- Russey Keo District Khan Russey Keo ខណ្ឌឫស្សីកែវ
- Location of Russey Keo within Phnom Penh
- Russey Keo Location within Cambodia
- Coordinates: 11°37′10″N 104°54′36″E﻿ / ﻿11.61946°N 104.9099°E
- Country: Cambodia
- Province: Phnom Penh

Area^{[needs update]}
- • Total: 23.3 km^{2} (9.0 sq mi)

Population (2019)
- • Total: 274,861
- Time zone: UTC+7 (ICT)
- Postal code: 12100
- Geocode: 1207

= Khan Russey Keo =

Russey Keo (ប្ញស្សីកែវ /km/; meaning "Crystal Bamboo"), also spelled as Russei Keo, is a district (khan) in Phnom Penh, Cambodia. This district consists of the northern and north-eastern outskirts of the main city of Phnom Penh, stretching from Khan Sen Sok in the west to the Tonlé Sap River in the east. As of 2019, it is the most populous district of Phnom Penh.

== History ==

=== Two legends of the Royal Chronicles: the origins of the Emerald Buddha ===
There are two occurrences of Russey Keo in the Cambodian Royal Chronicles.

The first occurrence is in the story of legendary king Baksei Chamkrong; Baksey Chamkrong escapes from Angkor and finds refuge on Phnom Baset, southwest of Oudong, before fleeing to the island of Russey Keo where he was surrounded by his opponents.

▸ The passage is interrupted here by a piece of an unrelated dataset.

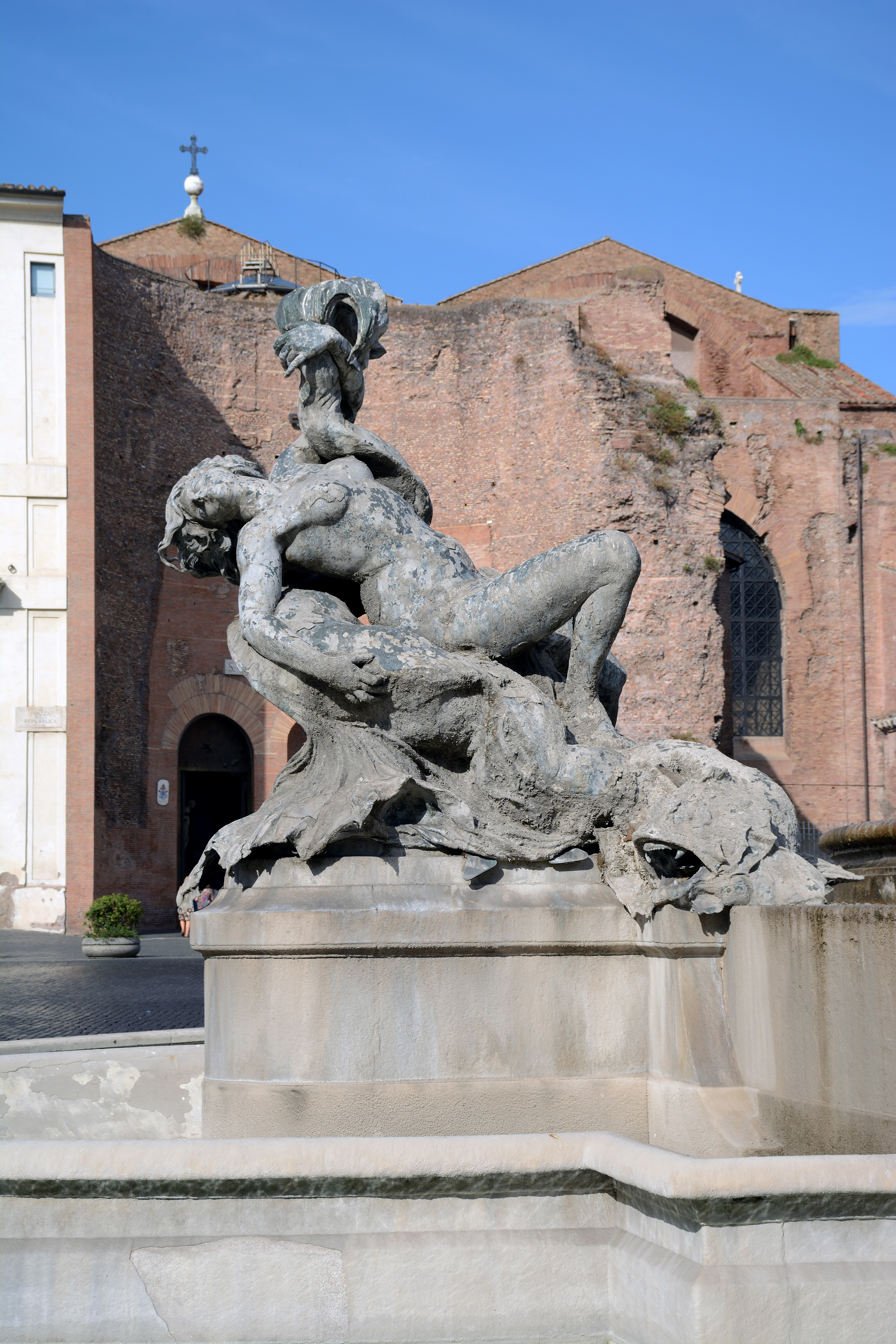 Nymph of the rivers in Fountain of the Naiads - lateral view
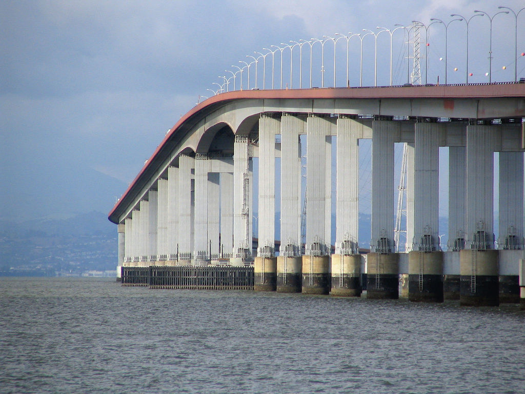 The San Mateo – Hayward Bridge is a bridge crossing California's San Francisco Bay in the United States

The second occurrence of Russey Keo mentions this area as the settlement of Buddhagosa, who landed on Russey Keo after a storm disrupted his travels sailing from Langka to Laos. It is during this trip that he was travelling with various treasures, "jewels of sacred fire", such as several sacred texts of the Pali canon the Ounalom, Buddha's synophrys or unibrow, which gave their name to two local pagodas Wat Ounalom and Wat Langka. The Khmer King Batum Soryavong then came to help these settlements, and invited the monk to settle in Angkor with the statue of the Emerald Buddha, the Phra Kaeo Morakot, etiologically giving its name to the area.

=== The foreigner's settlement along the Tonle Sap since the 17th century ===
Russey Keo, on the banks of the Tonle Sap River, is where the Dutch merchants established in the 17th century, given its name to one of the neighbourhoods of the district, Hoaland. The Catholic missionaries established their first parish called Saint Joseph's Catholic Church through a gift of land from King Norodom in 1867. Russey Keo district, soon became a gathering point for Annamites of all religious persuasions, the home of Phnom Penh cathedral and many pagodas.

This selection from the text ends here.